Despite GOP and Democratic lawmakers agreeing that more needs to be done to address homelessness, the amendment was rejected by Senate Republicans.
The Senate also approved on a voice vote a bill that would allow Wisconsin voters to take selfies with their marked election ballots.
The bill aims to bring state laws up to date with current trends among many voters, who often take and post photos of themselves with their ballot on social media.
Critics of the legislation have raised concern that the bill undoes the secret nature of the ballot. State elections officials have said the law against taking a photo of a ballot is meant to prevent people from selling their vote, with the photo serving as proof.
Wisconsin is one of 18 states that ban the showing of a completed ballot in a photo, though such rules are rarely enforced.
The bill also needs to pass the Assembly before heading to Evers.
The Senate also passed six bills pertaining to two years of collective bargaining agreements for the several hundred unionized trades employees across the University of Wisconsin System campuses.
The 2018-19 agreement would entail a 2.13% increase, while the 2019-20 agreement amounts to a 2.44% raise. The raises will be retroactive, but trades employees who have retired since negotiations began will not be eligible.

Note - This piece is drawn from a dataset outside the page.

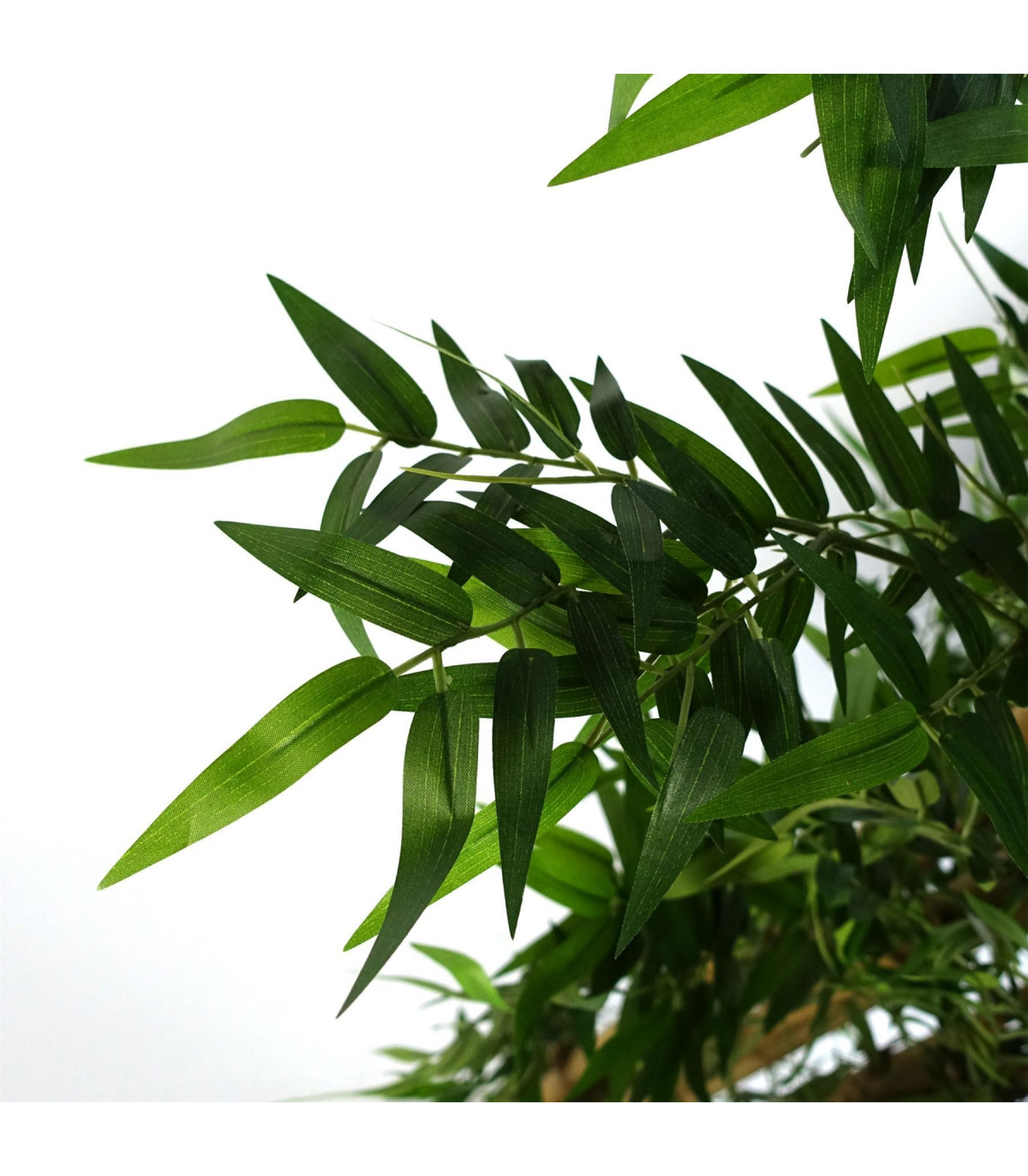 Artificial Bamboo tree. This tree has silk leaves and natural large size bamboo canes really realistic. As we have it arranged in our photos this measures 120cm x 60cm x 60cm. The branches are wired and so the leaves can be shaped to fit your space if you need it to be narrower or wider. It comes potted in a weighted black plastic pot (measuring 18cm (d) x 14cm (h) approx.) These trees look most impressive if you put them inside a decorative planter and cover the top with gravel or soil.

Three collective bargaining units — UW-Madison, UW System and the state — represent about 425 total trades employees. Each unit voted to renew its union status in November.
The agreements head to Evers for final approval.

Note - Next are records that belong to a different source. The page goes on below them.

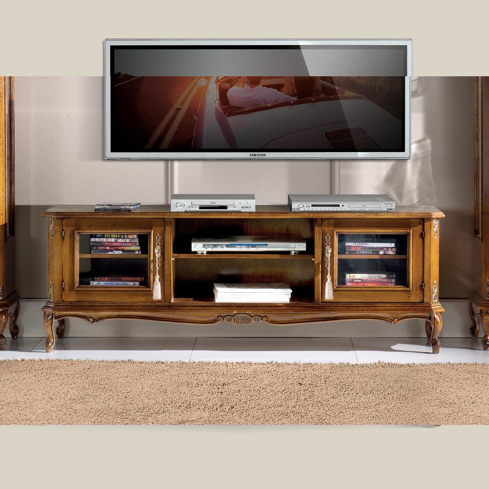 Denna TV-bänk, designad för att inreda ditt vardagsrum med en touch av klassisk stil, är tillverkad av fin Bassano-valnöt. Denna praktiska möbel har två dörrar och två fack. Unik och raffinerad, den är helt tillverkad i Italien och handgjord av skickliga hantverkare , avslutad med skicklighet och elegans. Tillverkningsprocessen använder högkvalitativa material och utförs för hand med den största omsorg och professionalism som kännetecknar Made in Italy -produkter.
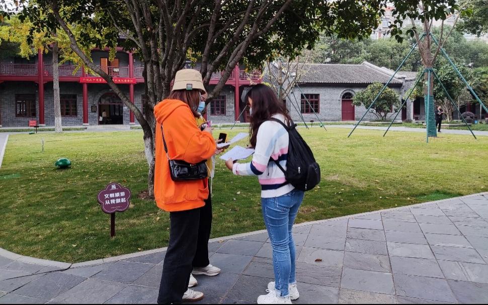 随后实践队员来到了中共“五大”开幕式旧址,中国共产党第五次全国代表大会于1927年4月27日至5月9日在武汉召开,在党的建设史上具有重要意义。跟随着讲解员的脚步,实践队员走过了中共五大开幕式会场、中共五大历史陈列和中国共产党反腐倡廉历程展三个展览场所,在讲解中逐步走近了中共五大,了解了中共五大召开的时代背景和历史意义,也愈发清晰地认识到了中国共产党人坚忍不拔的意志和力挽民族之将倾的担当。除了参观历史陈列外,实践队员们还对前来参观的游客进行了问卷调查以了解公众对中共五大及其会址纪念馆的认知程度并向公众普及中共五大的基本知识,并通过了解公众参观会址的意愿为中共五大及其会址的宣传普及提供切实可行的参考方案。
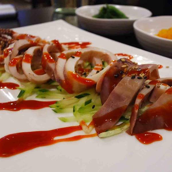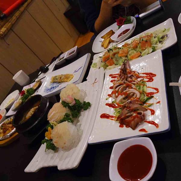 【关于味觉】:还没开始吃,就上来了一大桌子的海鲜料理。多宝鱼刺身,鲍鱼,章鱼,海鲜大酱汤等等。对于走了一天的我们来说,这些丰盛的前菜足以暖胃。前菜吃的差不多的时候,帝王蟹来了。美女店员端着一巨大的盘子走来。装了一大盘子帝王蟹!!!一个字:鲜!两个字:超鲜!!都是活的帝王蟹现做的。肉的含量90%以上。味道你们靠想象!反正一桌子吃的什么都不剩!!吃完后还有蟹膏炒饭!!炒饭配海苔,美味思密达!!最后还有老板带回来的石头老爷爷蛋糕,香香的

The Senate on Tuesday approved two of Evers’ appointed cabinet heads — Joaquin Altoro, executive director of the Wisconsin Housing and Economic Development Authority, and Caleb Frostman, secretary of the Department of Workforce Development.
Republican lawmakers in the Senate have been in no rush to take up votes on several of Evers’ appointed cabinet heads, with some legislators raising concerns over a few of the secretaries who have not yet been approved by the full Senate.
While not receiving confirmation can create uncertainty for secretaries, Senate Republicans last year took matters a step further when they voted to fire Agriculture Secretary Brad Pfaff, something that has not happened since at least 1987, according to the Legislative Reference Bureau.
Assembly lawmakers approved a slate of bills addressing Wisconsin’s opioid epidemic. The bills would expand access to naloxone, a medication designed to rapidly reverse opioid overdose, in county jails. Another measure would protect state employees from being disciplined for enrolling in medication-based treatments for opioid addiction. Another would start Medicaid coverage of acupuncture. The bills now go to the Senate.
Lawmakers also voted along party lines to approve a Republican resolution declaring Jan. 22 “Protect Life Day.” Jan. 22 marks the 47th anniversary of the U.S. Supreme Court’s Roe v. Wade ruling, which guaranteed a person’s right to an abortion.
The text of the resolution criticizes the 1973 ruling and argues “the future of our state and country depends on protection of the weakest members of the human family.”
Democrats voted against the measure.